Should I use AI to write outreach at all? Yes. With a humanizer pass and a personal style anchor. Without those, the math is against you.

Will my prospects notice? Probably not. Cornell’s data says humans guess at chance level. The real risk is the inbox provider rejecting the email before recognition is even possible.

Does this hit 1:1 emails or just bulk? Both. Bulk gets hit harder because filter signals compound across the campaign and across the sending domain’s reputation. A single 1:1 email full of em-dashes and “delves” still scores worse than the same idea written cleanly.

How do I check if my emails are getting filtered? Send the same template to seed accounts on Gmail, Outlook, Apple Mail, and Microsoft 365. Check spam. If two or more land in junk, kill the campaign and rewrite.

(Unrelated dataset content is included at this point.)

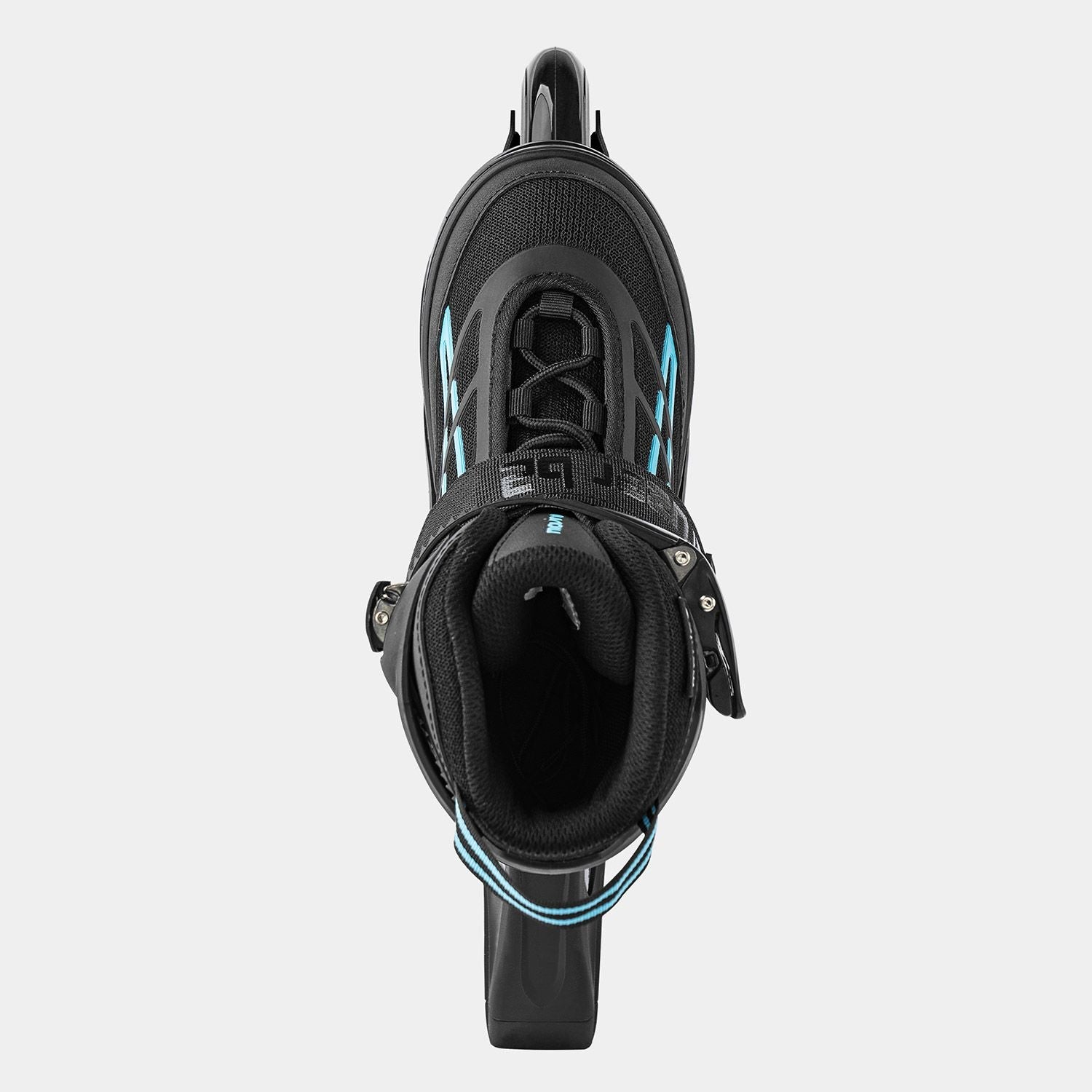 A base para uma patinagem confortável e segura é um pé estável em um calçado bem preso. Os patins Movino Cruzer B2 possuem um sistema de fecho triplo: fivela, atacadores e tira. A construção especial da fivela permite um fecho rápido e eficiente do calçado, impedindo que ele se solte ou desamarre durante a patinagem.
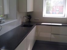 So that there are no ugly stains on the black countertop, after washing it will need to be thoroughly wiped with a special sponge. Care must be taken not to place sharp kitchen utensils on such work surfaces that may leave scratches.

What’s the single fastest thing I can change today? Strip em-dashes and replace them with commas or periods. It’s the simplest, most universal AI tell, and it costs nothing to fix.

Want a second opinion on your outreach

I do free 30-minute discovery calls. Send me your current cold-email template, your reply rate, and your seed-test results. We’ll find what’s actually killing the campaign (the AI tells, the deliverability setup, the targeting, or the offer) and decide what to fix first.

The PubMed numbers, the inbox-filter numbers, and the Reddit numbers all say the same thing. AI is now the default in business writing. The competitive edge moved from “use AI” to “use AI in a way nobody else does.” That’s the harder problem. And the more rewarding one.